Rural Well-Being
Rural communities are integral to our entire nation’s economy, our culture, and our future. One in five people in this country live in rural places, and one in four of those rural residents are people of color. Our current and future sources of water, energy, and food are inherently rural, and people raised in rural communities provide essential leadership and workforce for both rural and urban America. Rural areas have higher rates of entrepreneurship critical to job growth, and rural businesses have higher five-year survival rates than urban areas and businesses. Rural locales are the primary home for the manufacturing, energy, agriculture, and forestry sectors that drive much of the wealth generation at the foundation of our economy. The well-being of rural areas, and their very existence, impacts all major systems in our country.
Understanding the Need
Compared to their non-rural counterparts, people living in rural areas have higher rates of unemployment, lower educational attainment, and less access to healthcare and social services. These factors directly affect an individual's health and well-being.
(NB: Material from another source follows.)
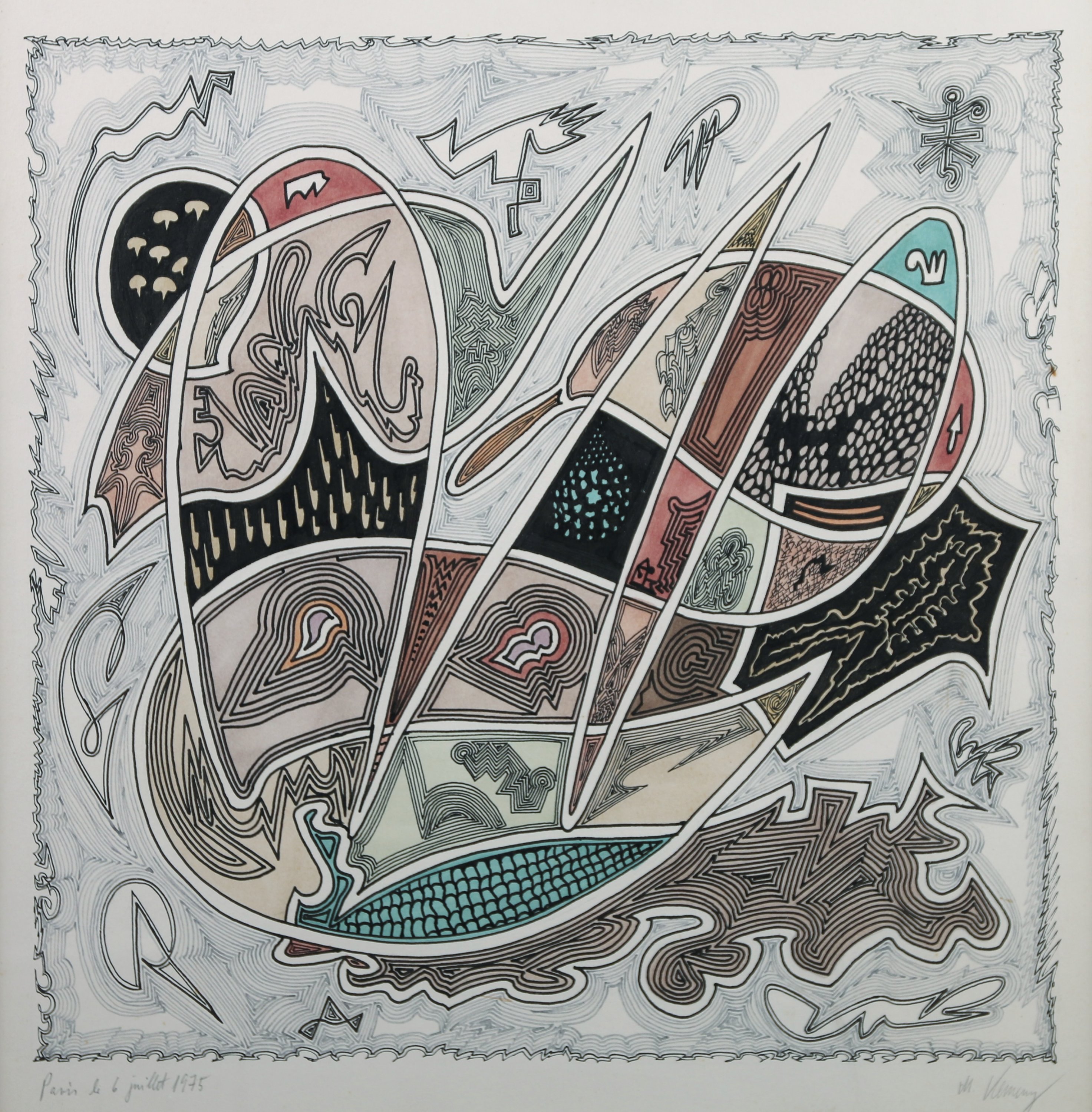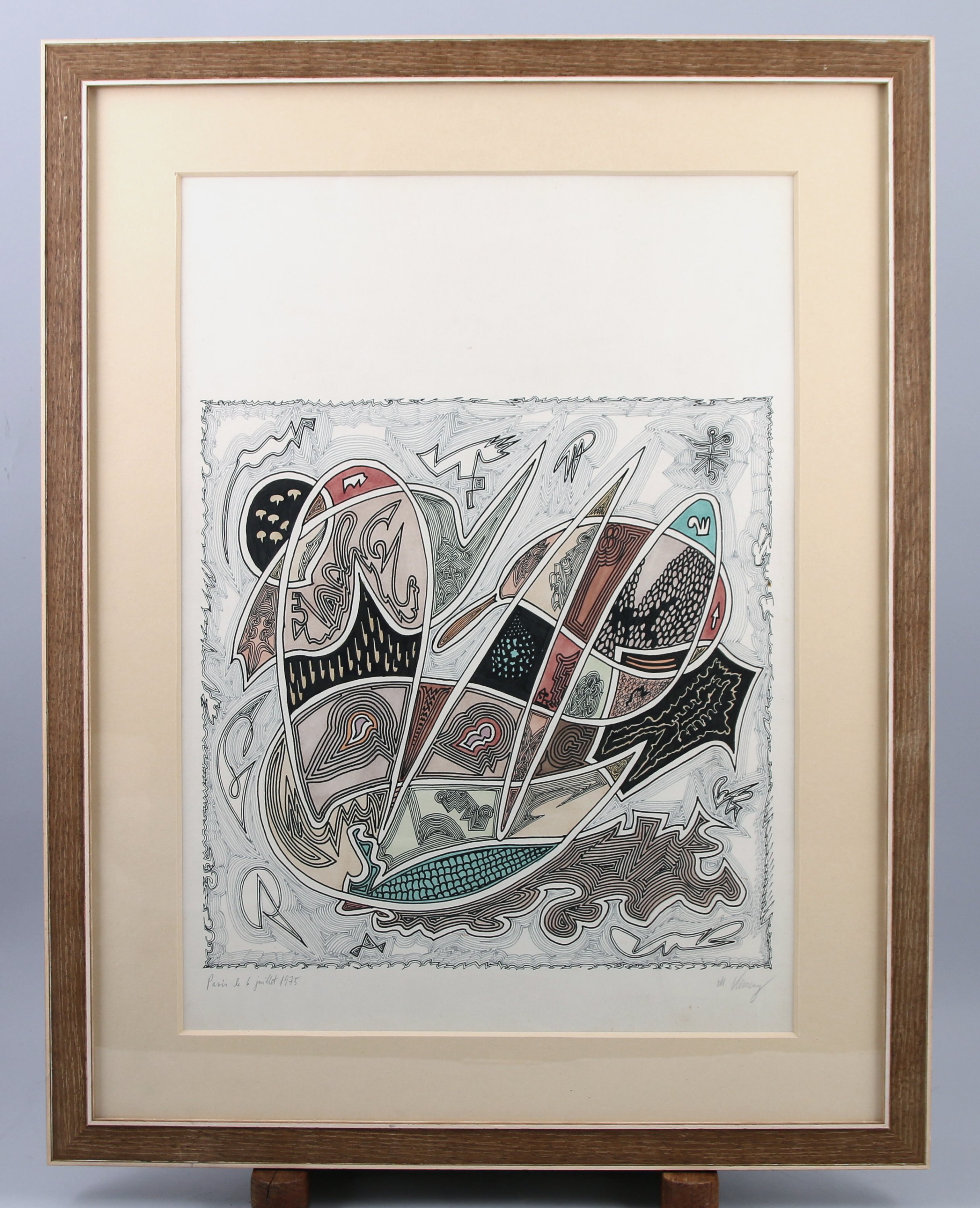 Papier, signé, situé Paris et daté 6 juillet 1975.

Rural residents face several documented health disparities. For example, rural residents are more likely to have chronic diseases such as heart disease, obesity, and diabetes, in comparison to non-rural residents. Social and environmental factors have contributed to decreased life expectancy in rural areas, with the gap between rural and urban life expectancy widening since the 1990s. In addition, children's health outcomes are worse in rural areas, with higher infant and child mortality.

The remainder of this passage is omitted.